Jockey Hollow, a few miles south of Morristown, New Jersey along Route 202 in Harding Township, was the site of a Continental Army encampment. It was from here that the entire Pennsylvania contingent mutinied and later, 200 New Jersey soldiers attempted to emulate them.

Fort Nonsense occupied a high hilltop overlooking Morristown, and is believed to have been the site of a signal fire and earthworks.

Ford Mansion in Morristown was the site of the "hard winter" (December 1779 – May 1780) quarters of George Washington and the Continental Army. That winter remains the coldest on record for New Jersey. Theodosia Ford, widow of Jacob Ford Jr., and her four children shared their household with Washington, his staff, including Alexander Hamilton, their servants and sometimes their family members. Martha Washington traveled from Mount Vernon to Morristown to spend the winter with her husband.

Washington's Headquarters Museum, the adjacent museum is open to the public Wednesday thru Sunday from September–June and seven days a week from July- August from 9:30 AM to 5:00 PM. The museum has three exhibit rooms and a sales area. A video production, Morristown: Where America Survived (New Jersey Network, 2009) is shown. The Ford Mansion is shown only by guided tour, which begins in the museum.
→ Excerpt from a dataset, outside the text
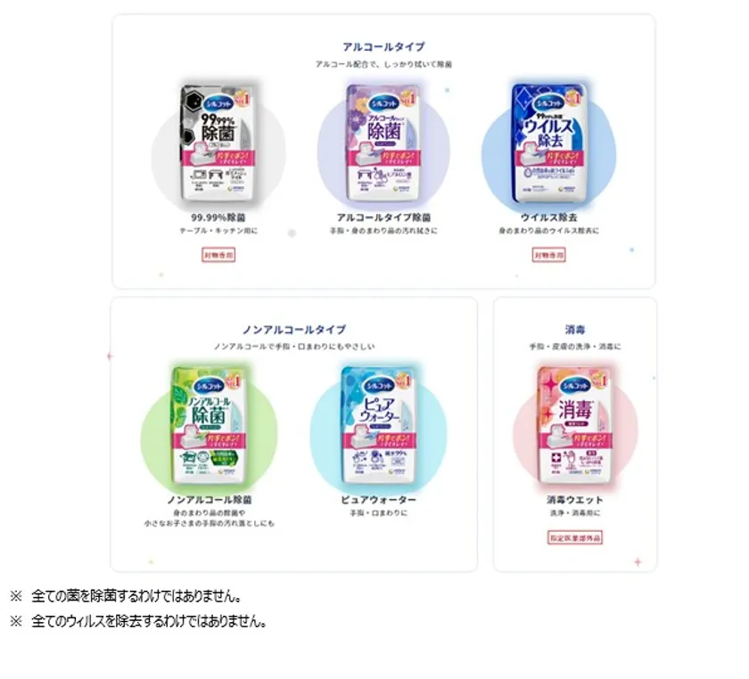 シルコットウェットティッシュ本体は、全6種類。用途に合わせて選べるラインナップを取り揃えています。
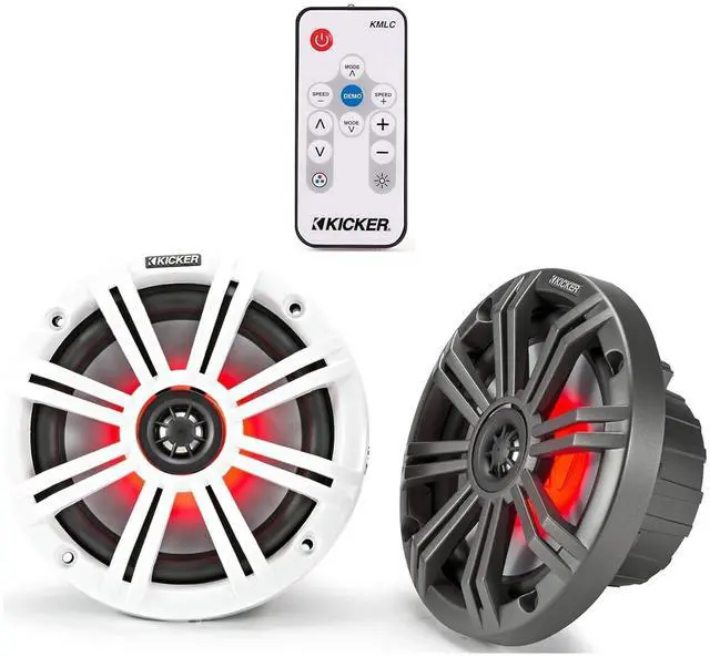 Product highlights: 2-way 6-1/2" marine speakers (pair) UV-treated polypropylene woofer with Santoprene rubber surround 3/4" balanced dome titanium tweeter built-in LED lighting with 20 color options and 19 dynamic modes optional KMLC remote controls all lighting functions comes with charcoal and white grilles sealed motor structure and locking terminal covers stainless steel mounting hardware included

The New Jersey Brigade Encampment Site is located south of Jockey Hollow in Bernardsville in Somerset County. It was the encampment for approximately 1,300 Continental Army soldiers over the 1779-1780 winter.

==Park history==
In April 1932, the National Park Service (NPS) published a report recommending that the site of the Continental Army's winter encampments in 1776-77 and 1779-80 become a Federal Historical Reserve; the report recommended including two sites, Jockey Hollow and the Ford Mansion.

In January 1933, a conference including NPS representatives, the U.S. Secretary of the Interior, and civic and business leaders from the Morris County area, drafted a bill supporting the creation of a national historical park, with "the rank and dignity equal to the scenic program in the West."

The bill for creating the Morristown National Historical Park was submitted to Congress in mid-January (H.R. 14302; S. 5469) and was supported by U.S. Secretary of the Interior Ray Lyman Wilbur, who called it "the most important park project before this department at the present time."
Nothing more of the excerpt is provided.